# WORK INSTRUCTION
Your answer must be the exact lines of the listing below that run from the line with "The most common" to the line with "My melody is", ends included, and no pictures.

# INFORMATION SUPPLIED

# # # #

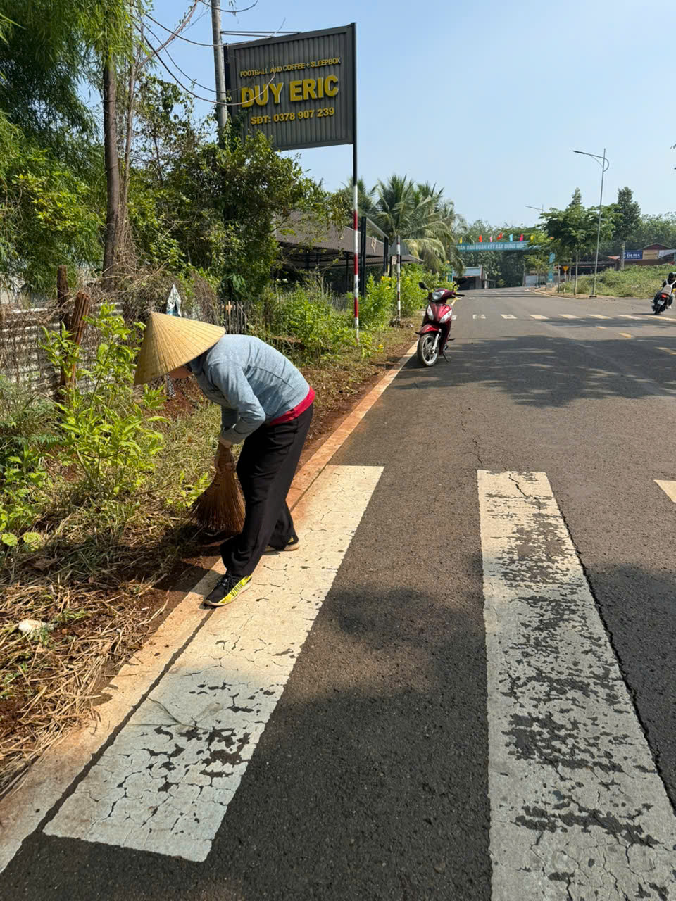 Công dân xã Lộc Tấn dọn dẹp vệ sinh đường phố kỷ niệm 51 năm Ngày Giải phóng miền Nam, thống nhất đất nước (30/4/1975 - 30/4/2026), và đón chào chủ trương xây dựng Đồng Nai trở thành thành phố trực thuộc Trung ương. Ảnh: CTV
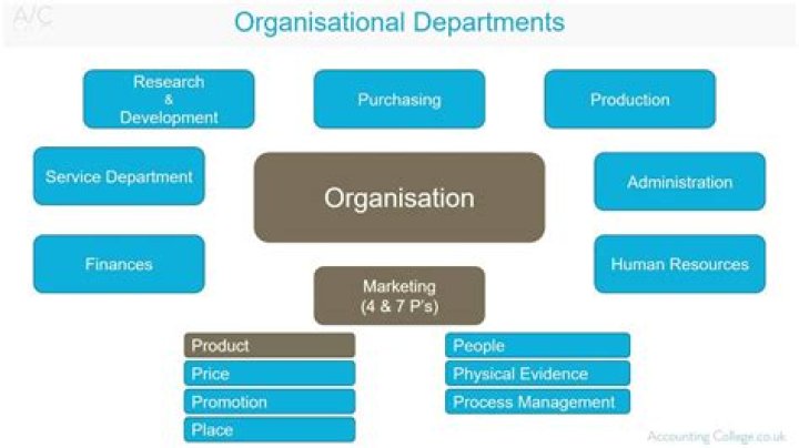 The most common departments are: Production Marketing & Sales Finance Human resource and in some cases, Information Technology departments Production Department The production department is responsible for converting inputs into outputs through the stages of production processes.
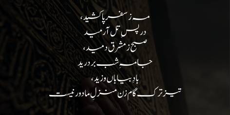 My melody is heart-opening; its rise and fall are soul-invigorating. It is the bell for the caravans; it disperses old turmoils and creates new ones. O you who rub your face on the dust of the Haram! Step more swiftly, for our destination is not far.
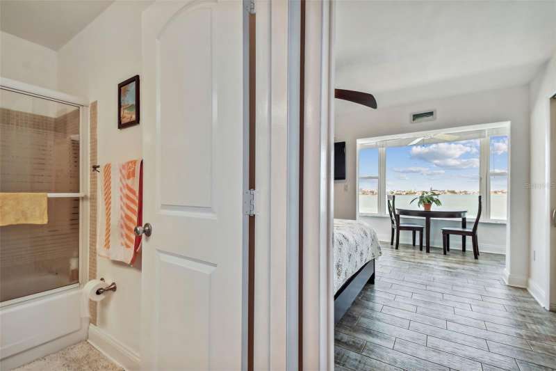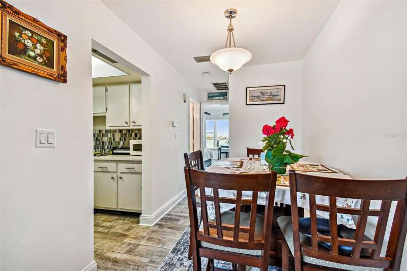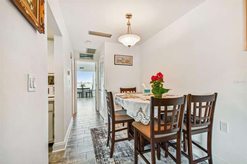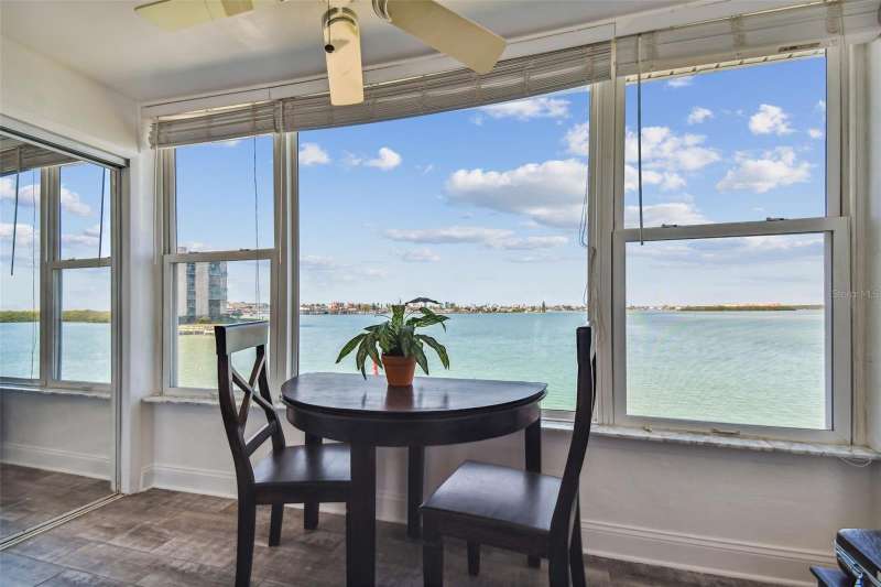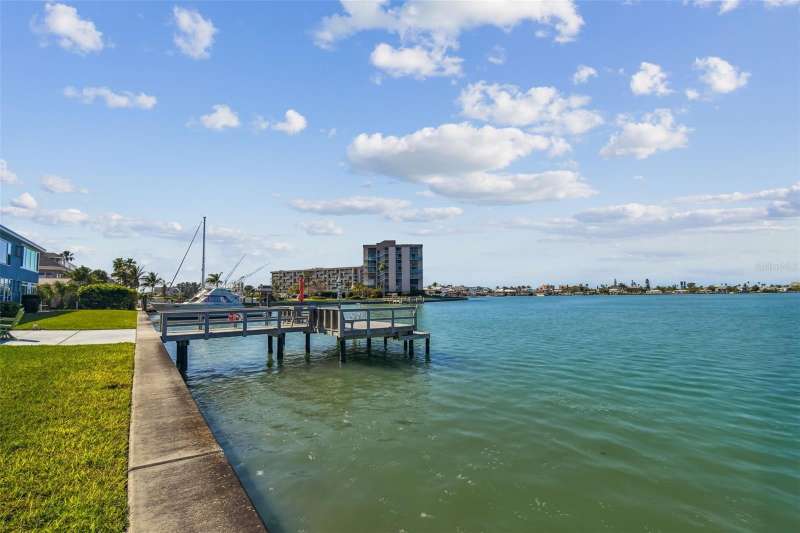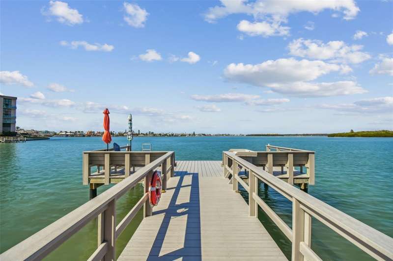 Discover your perfect retreat in this charming 1-bedroom, 1-bath condo, where every day feels like a vacation. Nestled in the serene Isle of Capri in Treasure Island, this delightful second-floor unit offers breathtaking views of boats gliding by, playful dolphins, and stunning water vistas across from John's Pass. Step into your air-conditioned Florida Room, where you can soak in the spectacular scenery year-round or let the gentle breeze flow through open windows. This cozy, light-filled condo is thoughtfully designed for both full-time living and an idyllic beach getaway. The kitchen, with its adjoining dining area, is bright and welcoming—perfect for enjoying your morning coffee while planning your day. The spacious living room is bathed in natural light, creating a warm and inviting atmosphere for relaxation or entertaining. This well-maintained 55+ community boasts a new roof (2017) and a freshly paved parking lot. You'll also appreciate the convenience of a private storage space downstairs for your beach gear and a laundry area for added ease. Take a leisurely stroll to the beach or enjoy a peaceful walk through nearby Rosselli Park. As the day winds down, catch the sunset from the sandy shores or unwind with neighbors on the dock, under the shade of an umbrella, or in the comfort of your cool Florida Room. With only 20 units, this quiet, pet-friendly community offers a tranquil lifestyle just minutes from two international airports. Don't miss your chance to own this slice of paradise—schedule your showing today and start living the beach life you've always dreamed of. Financing options are available. Land lease through 2066.

# # # #

# SOLUTION TO THE EXERCISE
 The most common departments are: Production Marketing & Sales Finance Human resource and in some cases, Information Technology departments Production Department The production department is responsible for converting inputs into outputs through the stages of production processes.
 My melody is heart-opening; its rise and fall are soul-invigorating. It is the bell for the caravans; it disperses old turmoils and creates new ones. O you who rub your face on the dust of the Haram! Step more swiftly, for our destination is not far.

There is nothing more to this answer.